Amtrak did not retain any cross-border services when it assumed control of most intercity passenger trains in the United States on May 1, 1971. As part of its 1972 appropriation for Amtrak the United States Congress directed that $2 million be used for the establishment of service to Vancouver, Montreal (the Montrealer), and Nuevo Laredo (the Inter-American). The Burlington Northern Railroad's International had served the Seattle–Vancouver route up until the creation of Amtrak, and resuming service posed no significant challenges.

The first Pacific International, Amtrak's first international train, ran on July 17, 1972. The train was scheduled to connect with the Los Angeles–Seattle Coast Starlight in both directions. Initially, the route had intermediate stops in New Westminster, White Rock, British Columbia, Blaine, Washington, Bellingham, Mount Vernon-Burlington, Everett, and Edmonds. In mid-May 1973, the United States Customs and Immigration Service began requiring off-train inspection of southbound passengers at the Canada–United States border, after investigative journalist Jack Anderson reported that Vancouver was being used as a U.S. gateway for drugs and illegal immigration. Canadian inspection was still conducted on board the train for northbound passengers who crossed the border. Full onboard border inspection was re-established in May 1974. By the first half of 1975, the White Rock stop had been eliminated.

The route was suspended for about 4 months because of a runaway barge collision with the New Westminster Bridge on December 26, 1975. Amtrak initially attempted to run trains between Seattle and White Rock or Blaine, then using buses over the remaining route to or from Vancouver. However, the plan was soon scrapped due to the difficulty of servicing the trains at the interim terminus. Amtrak subsequently ran buses as a substitute over the full Seattle–Vancouver corridor until the bridge was fixed.

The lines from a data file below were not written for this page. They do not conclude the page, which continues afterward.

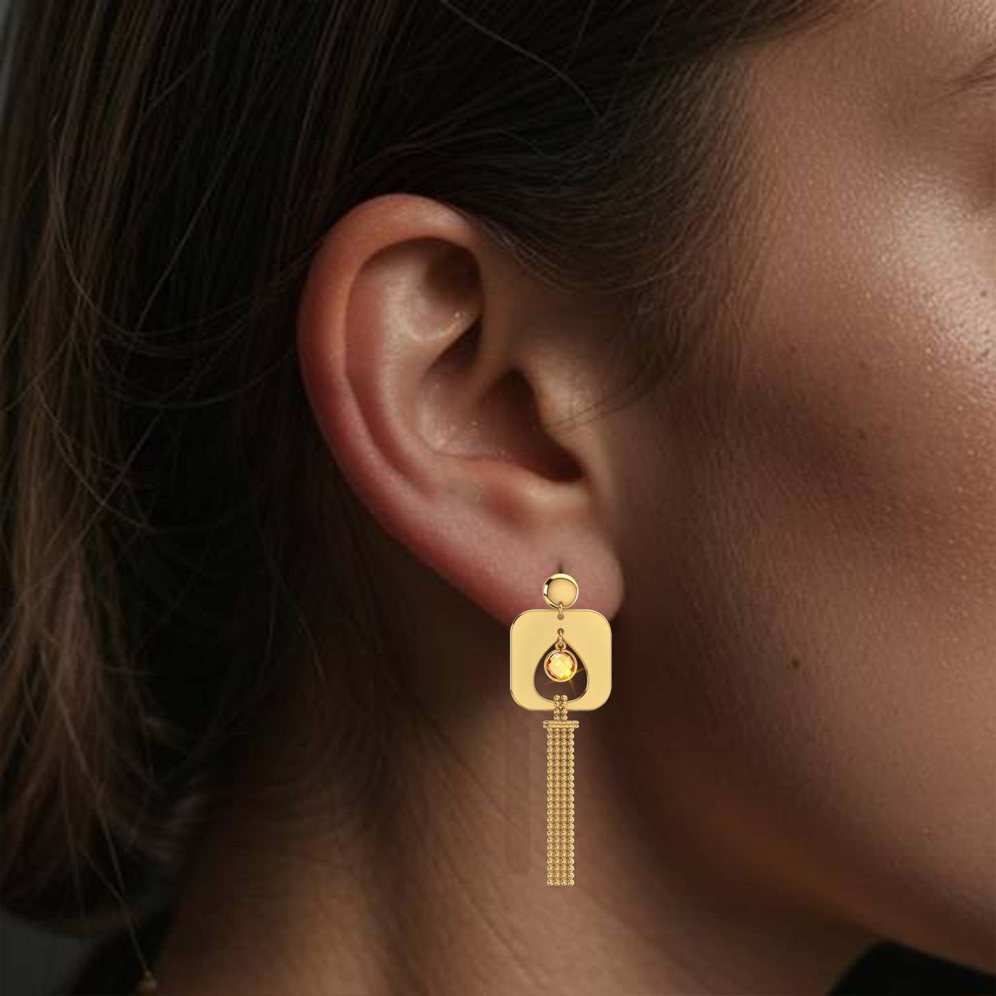 أقراط متدلية ذهب مربعة عيار 18 قيراط مزينة بحجر أصفر
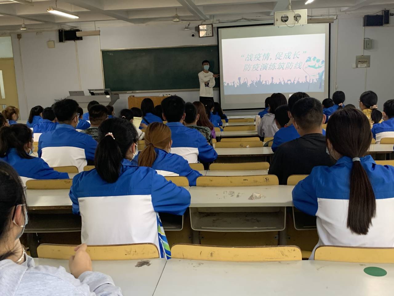 活动伊始,由各班负责人下发活动通知,通知学生务必戴好口罩。随后学生自觉排队进入教室,活动负责人依次对学生进行体温测量和消毒。接下来对学生们进行防疫知识讲解,有关于教室、食堂以及宿舍内的防疫知识。最后,给学生讲解当周边同学发生发烧咳嗽等状况我们应该怎样做以及如何进行科学防疫。
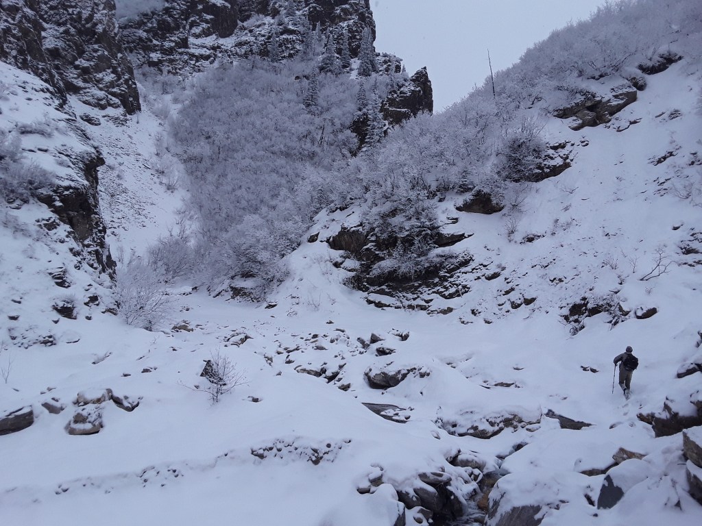 Sean and I drove down south a ways to check out Gunnysack Creek. I’d never heard of the place, but thanks to Sean’s penchant for dreaming up out of the way, and often ambitious itineraries, I got to go see something new. Early in November things were actually eerily warm, so the creek wasn’t nearly as frozen up as it might have been. We decided to do a little adventuring anyway, and spent a pleasant afternoon post-holing along the creek bank, and hopping back-and-forth across questionably stable ice bridges. Was a beautiful little canyon, and quite unlike anything else in that area. Finished the evening with a quick stop at the Delta Brewery. A successful day and a good scouting mission for future forays into the area.
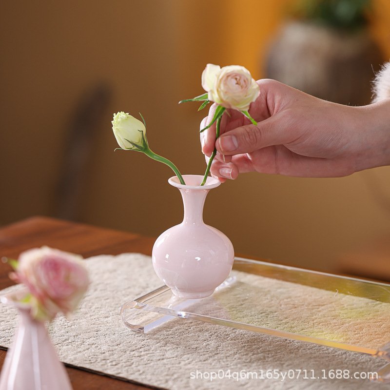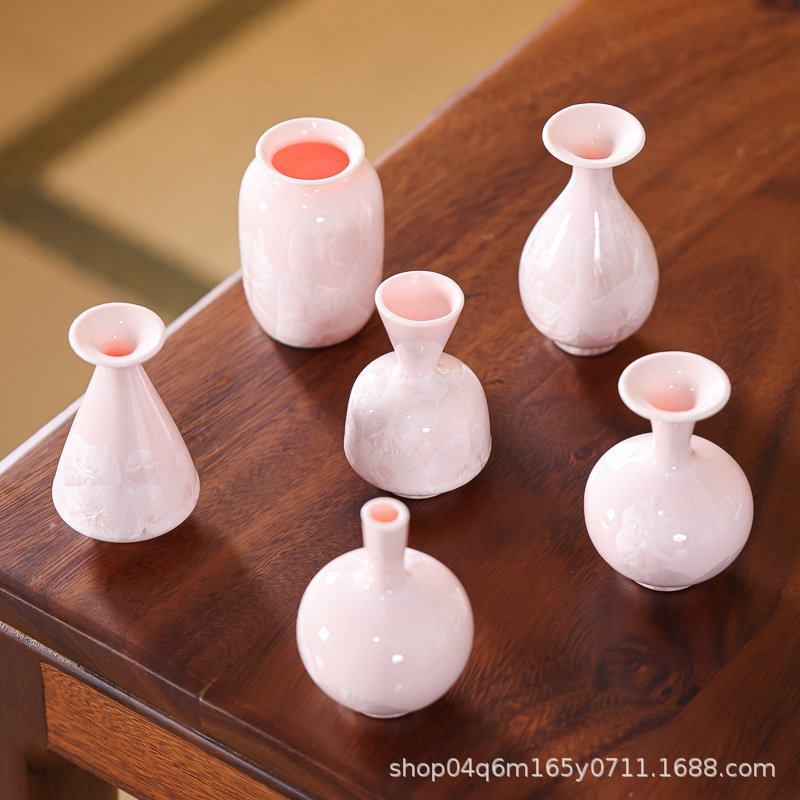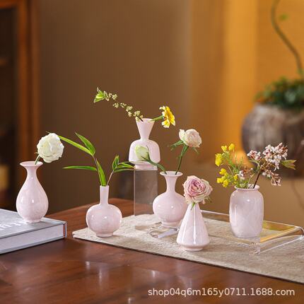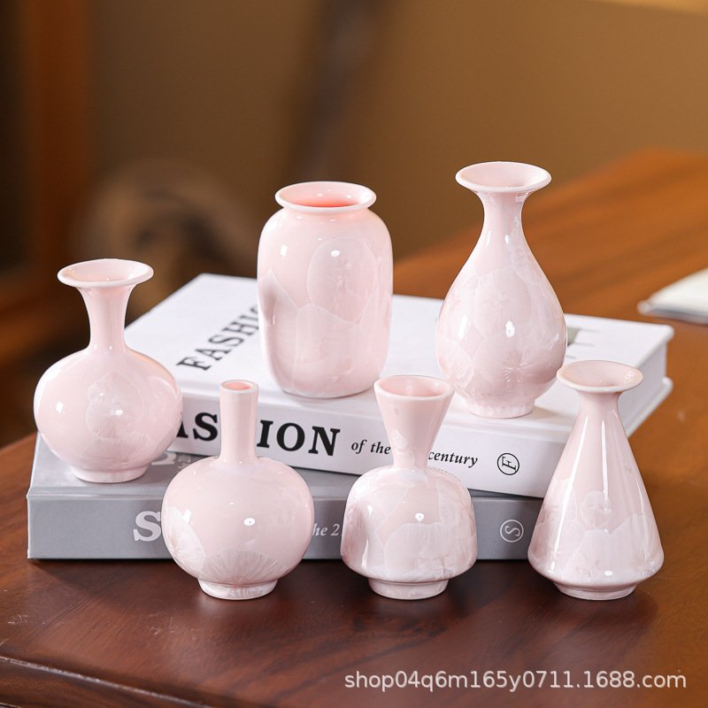 陶瓷迷你小号结晶釉花瓶粉现代简约摆件玄关博古架家用清新装饰品
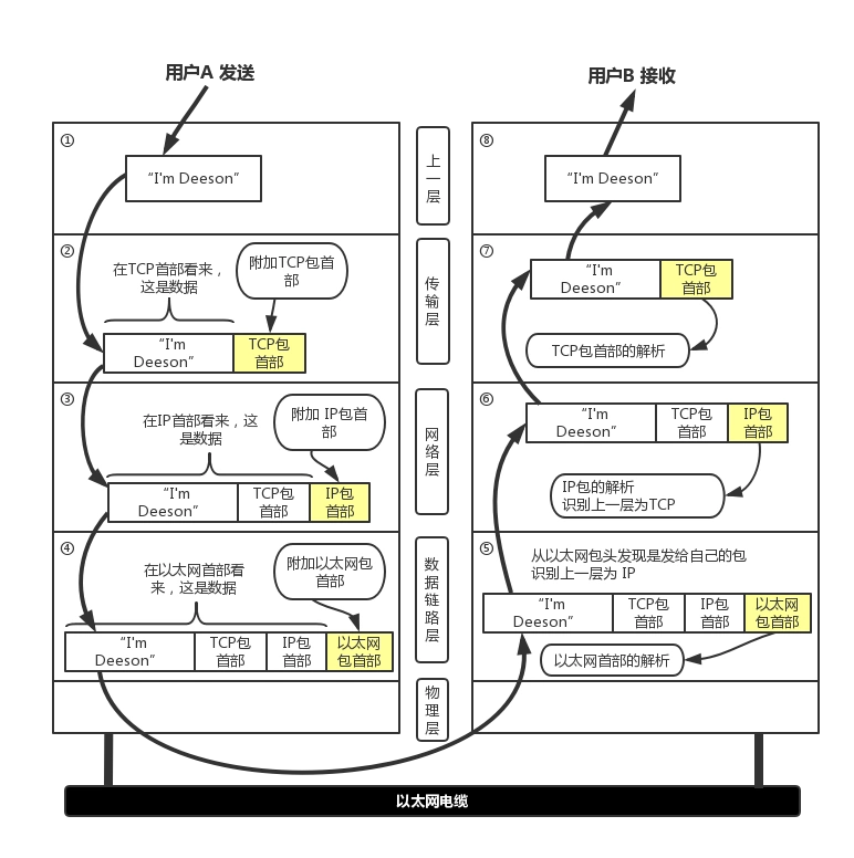 来自 IP 的 IP 软件包是 以太网 的数据 。 数据附在 以太网 顶端并交付处理, 由此产生的以太网 数据包则通过 IP 的 物理层 IP 软件包发送到接收端 。 数据附在 以太网 顶端并交付处理, 由此产生的以太网 数据包则通过 物理层发送到接收端 。
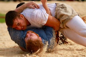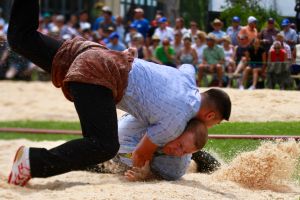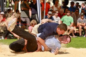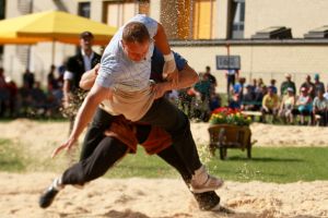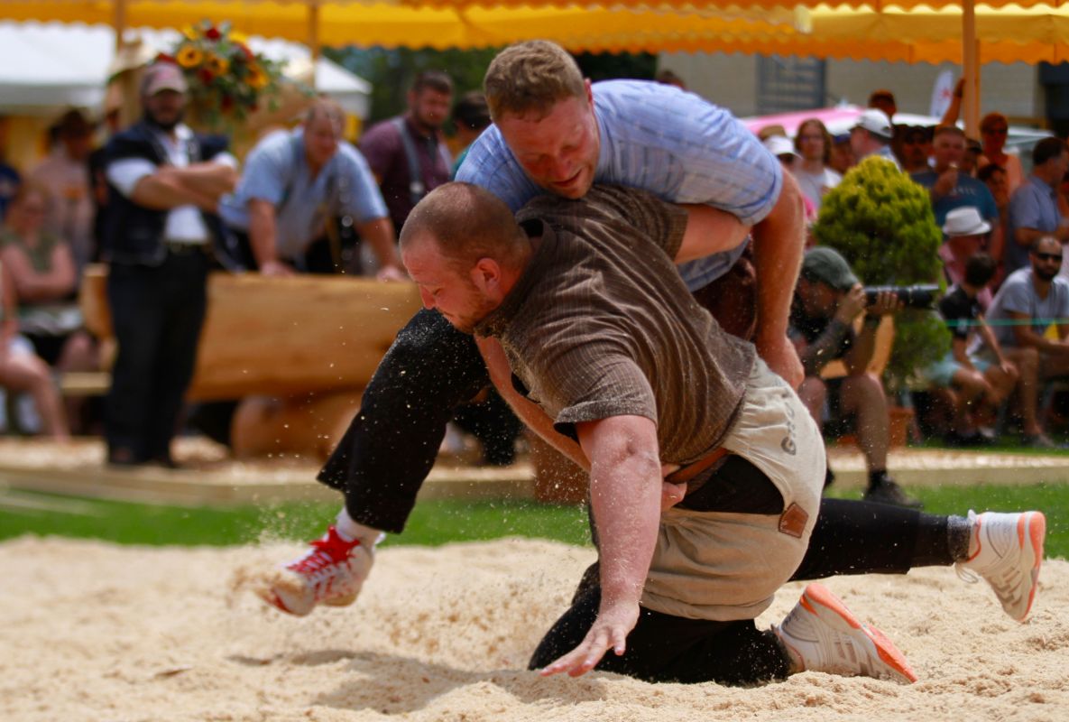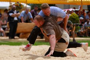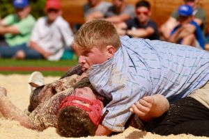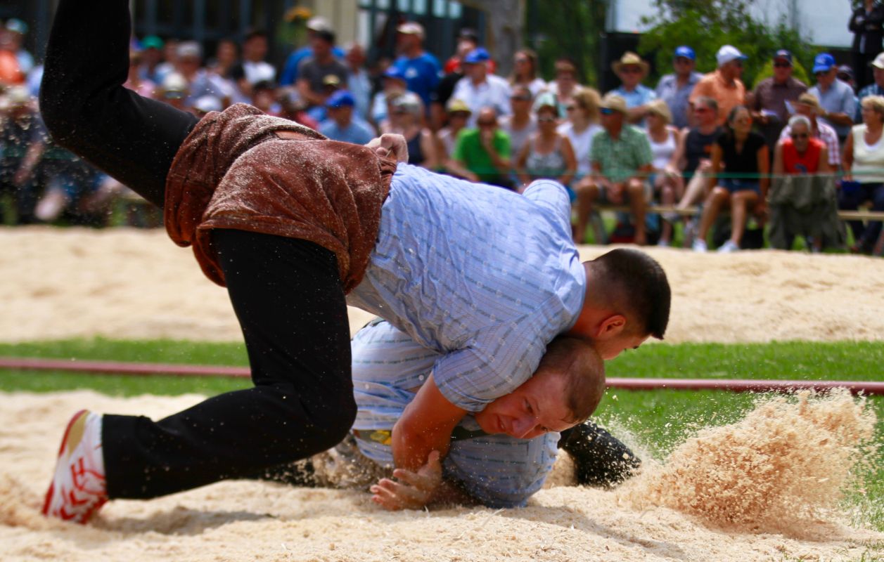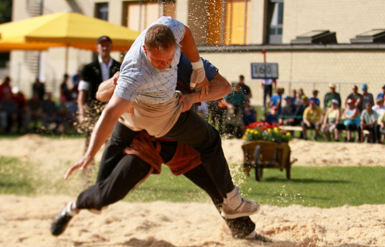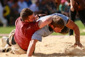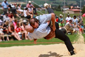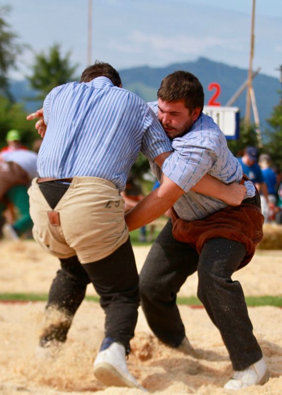 Benjamin Gapany de Marsens remporte la fête cantonale fribourgeoise en battant en passe finale le couronné fédéral Andreas Ulrich du club invité de Am Mythen, après une minute avec un puissant kurz.

On July 19, 1976, newly manufactured Amfleet cars debuted on the route. On June 13, 1979, Amtrak began using double-deck Superliner train coaches in place of the single-deck Amfleets on certain other trains in the Pacific Northwest and planned to make the same change soon to the Pacific International. Superliner service on the Pacific International began in mid-August 1979, after a short delay because of damage to the New Westminster Bridge from another barge ramming incident.

On October 28, 1979, the southbound Pacific International had a schedule change. Previously, the train left at 6:05 am from Vancouver to arrive in Seattle at 10:50 am, allowing a connection to a Coast Starlight departure at 11:05 am that went as far as San Diego, California. Instead, the train began departing from Vancouver at 11:50 am and arriving in Seattle at 5:00 pm to connect with a Mount Rainier departure at 5:30 pm that terminated in Portland, Oregon. In the second quarter of 1980, the schedule was reverted to an early morning departure to connect again with the Coast Starlight.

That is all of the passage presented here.